A les entendre, l'amitié ne lie pas juste les politiciens, mais leurs nations entières. Kim Jong Un, le dictateur de la Corée du Nord, a déclaré ces jours-ci que son pays était prêt à apporter un «soutien inconditionnel» à la Russie. Le ministre russe des Affaires étrangères Sergueï Lavrov a quant à lui dit qu'une «fraternité invincible» liait son pays à la Corée du Nord, où il s'est rendu ces jours-ci. Les deux apprécient ce que l'autre peut leur offrir.
La Corée du Nord est en tout cas devenue un partenaire indispensable dans la guerre de la Russie contre l'Ukraine, qui a débuté en février 2022 et qui ne semble pas vouloir prendre fin.
Cela fait vraisemblablement longtemps que l'Etat à parti unique d'Asie du Nord-Est, qui partage également une frontière terrestre avec la Russie, a envoyé environ 15 000 soldats dans la région de Koursk. Des centaines de soldats coréens seraient déjà tombées en Ukraine. Mais ce qui peut apparaître comme un lourd sacrifice pour la Corée du Nord peut aussi être lu comme un investissement.
En effet, la Russie n'est pas la seule à profiter de la participation nord-coréenne à la guerre contre l'Ukraine. Si les estimations des services secrets ukrainiens sont correctes, environ 40% des munitions utilisées contre l'Ukraine proviennent de Corée du Nord.
L'économie de ce pays appauvri connaît actuellement un boom de production. Les deux Etats partagent une histoire militaire: pendant la guerre froide, la Corée du Nord était alliée à l'Union soviétique, le prédécesseur de la Russie, dont une partie de l'équipement est encore utilisé aujourd'hui.
Ainsi, ce nouveau partenariat avec la Russie, qui a même débouché sur un pacte de défense mutuelle après l'attaque russe en Ukraine, est une victoire sur plusieurs niveaux pour la Corée du Nord. L'Etat, soumis à de sévères sanctions de l'ONU en raison de son programme nucléaire et de graves violations des droits de l'homme, a désormais trouvé en la Russie non seulement un partenaire militaire solide, mais aussi un allié dans le cadre d'éventuelles négociations sur le nucléaire avec ses Etats ennemis que sont les Etats-Unis et la Corée du Sud.
La Corée du Nord, qui dépendait jusqu'à présent très largement de la Chine sur le plan économique, gagne, en outre, un autre partenaire commercial important, et ce partenaire a urgemment besoin de l'aide de la Corée du Nord. Comme le déclare Vladimir Tikhonov, professeur d'études coréennes à l'université d'Oslo et spécialiste de la Corée du Nord:
Mais cette proximité, Kim Jong Un la fait semble-t-il bien payer.
La Russie profite en effet des soldats nord-coréens qui, grâce à leur expérience en Ukraine, pourront renforcer en partie l'armée pour d'autres missions éventuelles. Mais ce soutien aide aussi Poutine sur le plan de la politique intérieure, car cela évite d'enrôler davantage d'hommes russes. Les services secrets ukrainiens ont toutefois démenti les informations selon lesquelles la Corée du Nord aurait fait passer à 30 000 le nombre de ses troupes prêtées à la Russie.
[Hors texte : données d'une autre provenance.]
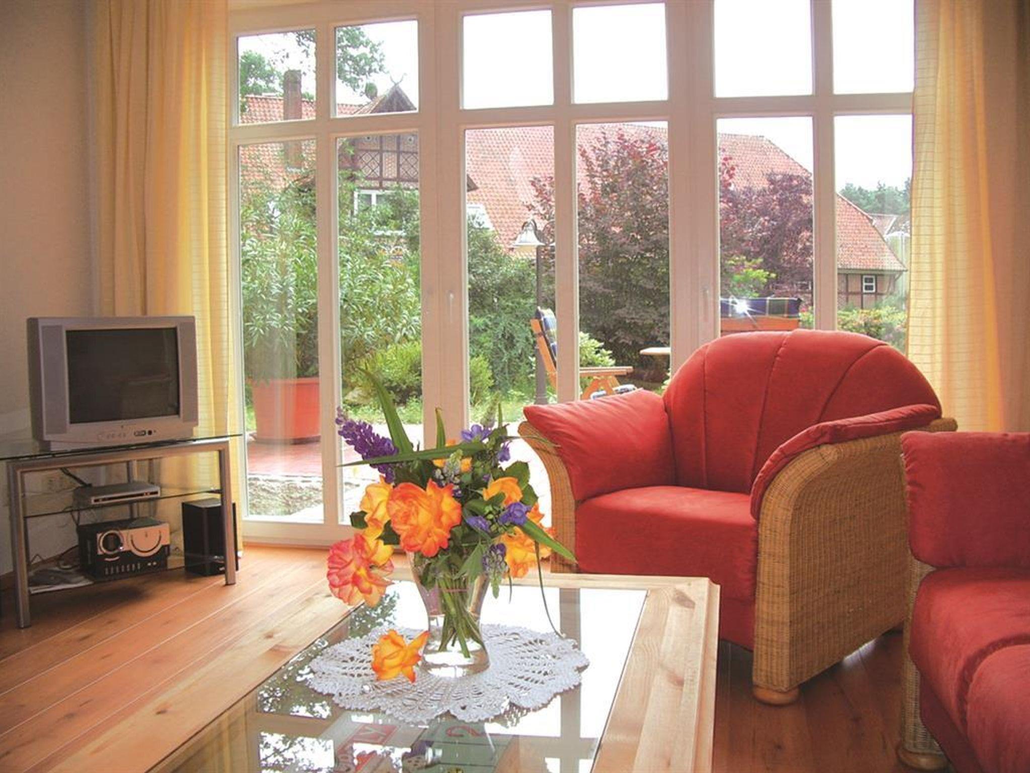 Unsere zwei gemütlichen und komfortablen neu gebauten Fachwerkferienhäuser befinden sich separat auf dem parkähnlichen Hofgelände unter alten Eichen.
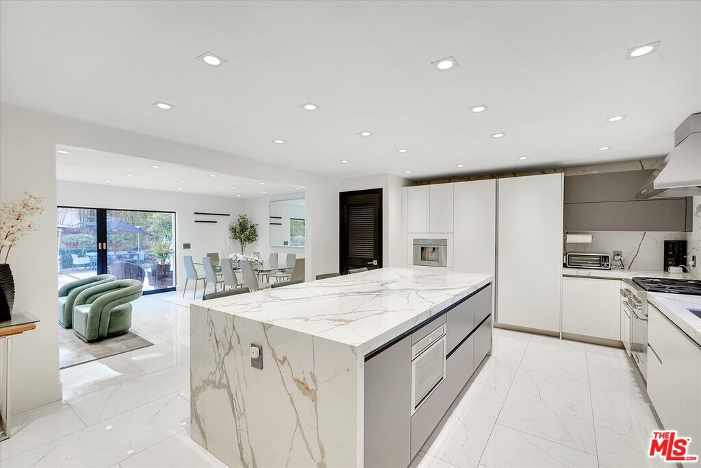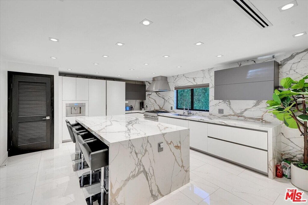 Welcome to this beautifully reimagined 3 bedroom, 4 bathroom home, ideally situated just off of Sunset Blvd, with easy access to the 405 FWY. Located near the end of a cul de sac, this single story home offers a seamless flow, abundant natural light and a serene atmosphere that make it a perfect retreat. This thoughtfully designed residence features a basketball court, 3 ensuite bedrooms, and porcelain floors throughout the house. The fully equipped gourmet kitchen include high end appliances, a large island, with a seating area, and a built in coffee machine. Step outside to enjoy the peaceful outdoor area, which is an entertainer's dream, complete with an outdoor kitchen, a built in BBQ, multiple seating areas and a fire pit. Owner is a real estate broker. MLS# 26640691

De plus, le Korea Institute for Defence Analyses, basé en Corée du Sud, estime que la Russie devrait fournir à la Corée du Nord de l'argent ou des biens d'une valeur d'environ 20 milliards de dollars US en échange de son soutien militaire. Pour mettre cela en contexte: selon les estimations de la banque centrale de Corée du Sud, le produit intérieur brut de la Corée du Nord s'élevait récemment à environ 23 milliards de dollars américains. La relation avec la Russie offre donc à la Corée du Nord un nouveau boom économique.
Et ce boom devrait continuer. Cette semaine, il a été annoncé que des vols directs entre les capitales Moscou et Pyongyang allaient avoir lieu pour la première fois. Dès le 27 juillet, des avions devraient décoller deux fois par semaine. Une telle nouvelle liaison aérienne n'est pas seulement un gain symbolique. Malgré l'absence de principes démocratiques, Kim Jong Un devrait quand même être contraint de se justifier auprès de sa population largement pauvre, surtout en dehors des villes.
A Wonsan, sur la côte sud-est de la Corée du Nord, à environ 200 kilomètres de Pyongyang, une nouvelle station balnéaire a été ouverte fin juin. Ce sont désormais surtout des Russes qui doivent y séjourner, et leur argent y est très bienvenu.